DATA EXCERPTS:
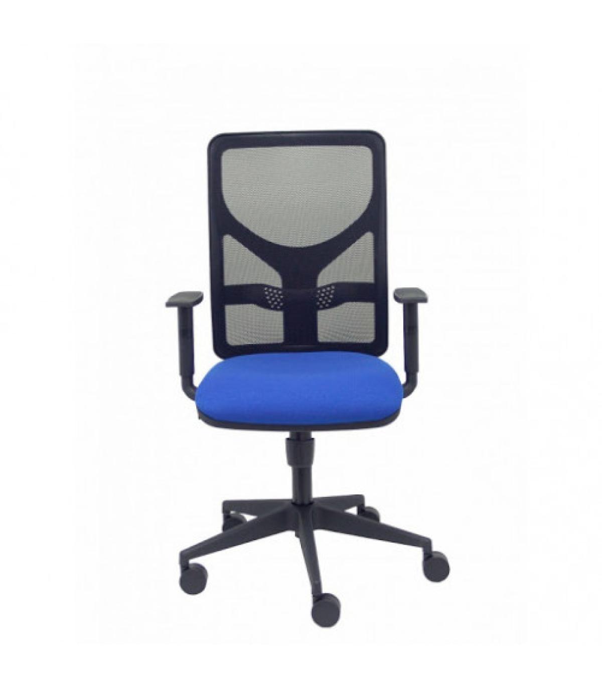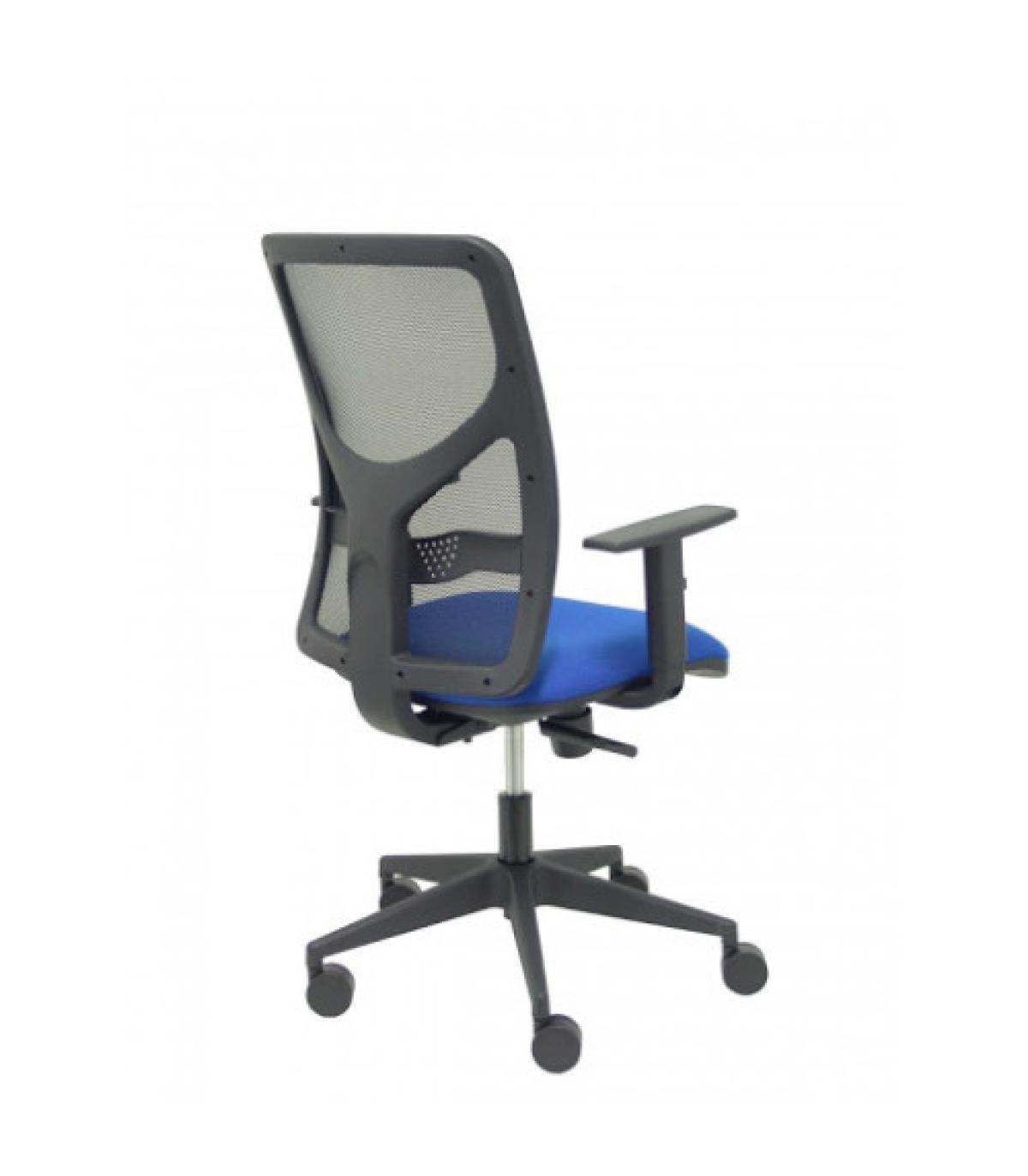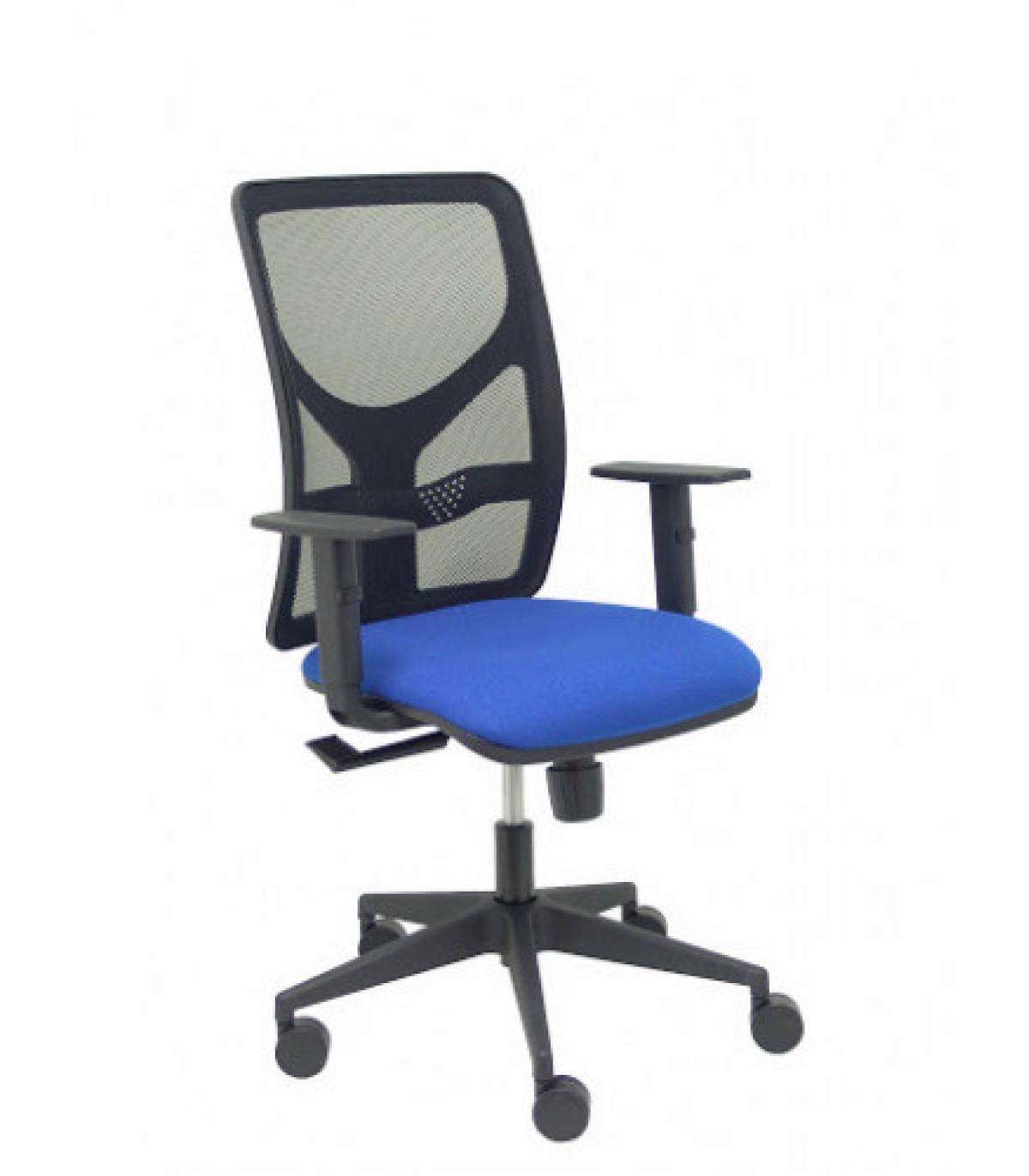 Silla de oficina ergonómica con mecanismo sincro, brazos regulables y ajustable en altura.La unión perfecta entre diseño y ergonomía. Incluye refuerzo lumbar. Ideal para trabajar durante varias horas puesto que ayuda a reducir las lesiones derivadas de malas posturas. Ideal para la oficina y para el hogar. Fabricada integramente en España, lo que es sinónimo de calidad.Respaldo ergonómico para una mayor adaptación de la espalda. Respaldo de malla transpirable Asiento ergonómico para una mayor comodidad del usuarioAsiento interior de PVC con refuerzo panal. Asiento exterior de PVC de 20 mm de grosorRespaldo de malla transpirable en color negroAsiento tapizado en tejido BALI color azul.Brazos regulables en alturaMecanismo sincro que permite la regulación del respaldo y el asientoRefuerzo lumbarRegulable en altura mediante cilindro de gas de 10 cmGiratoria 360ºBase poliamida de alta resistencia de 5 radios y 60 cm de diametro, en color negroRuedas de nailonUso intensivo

==

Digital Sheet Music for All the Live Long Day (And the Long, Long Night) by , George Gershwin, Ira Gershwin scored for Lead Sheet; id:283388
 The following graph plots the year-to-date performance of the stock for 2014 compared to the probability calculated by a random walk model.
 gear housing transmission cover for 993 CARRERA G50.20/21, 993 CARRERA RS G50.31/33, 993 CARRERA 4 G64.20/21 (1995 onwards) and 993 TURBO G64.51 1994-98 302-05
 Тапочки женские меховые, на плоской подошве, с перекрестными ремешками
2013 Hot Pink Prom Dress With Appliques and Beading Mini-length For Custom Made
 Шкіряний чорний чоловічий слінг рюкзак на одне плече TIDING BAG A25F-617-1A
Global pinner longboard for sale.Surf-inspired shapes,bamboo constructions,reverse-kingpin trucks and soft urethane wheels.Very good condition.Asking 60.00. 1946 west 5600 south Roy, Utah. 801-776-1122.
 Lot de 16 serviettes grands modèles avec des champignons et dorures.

ASSIGNMENT: Whatever else the listing above holds, retype exactly only the lines from the one containing "The following graph" to the one containing "Lot de 16 serviettes", both ends kept.

REPLY TO THE EXERCISE:
 The following graph plots the year-to-date performance of the stock for 2014 compared to the probability calculated by a random walk model.
 gear housing transmission cover for 993 CARRERA G50.20/21, 993 CARRERA RS G50.31/33, 993 CARRERA 4 G64.20/21 (1995 onwards) and 993 TURBO G64.51 1994-98 302-05
 Тапочки женские меховые, на плоской подошве, с перекрестными ремешками
2013 Hot Pink Prom Dress With Appliques and Beading Mini-length For Custom Made
 Шкіряний чорний чоловічий слінг рюкзак на одне плече TIDING BAG A25F-617-1A
Global pinner longboard for sale.Surf-inspired shapes,bamboo constructions,reverse-kingpin trucks and soft urethane wheels.Very good condition.Asking 60.00. 1946 west 5600 south Roy, Utah. 801-776-1122.
 Lot de 16 serviettes grands modèles avec des champignons et dorures.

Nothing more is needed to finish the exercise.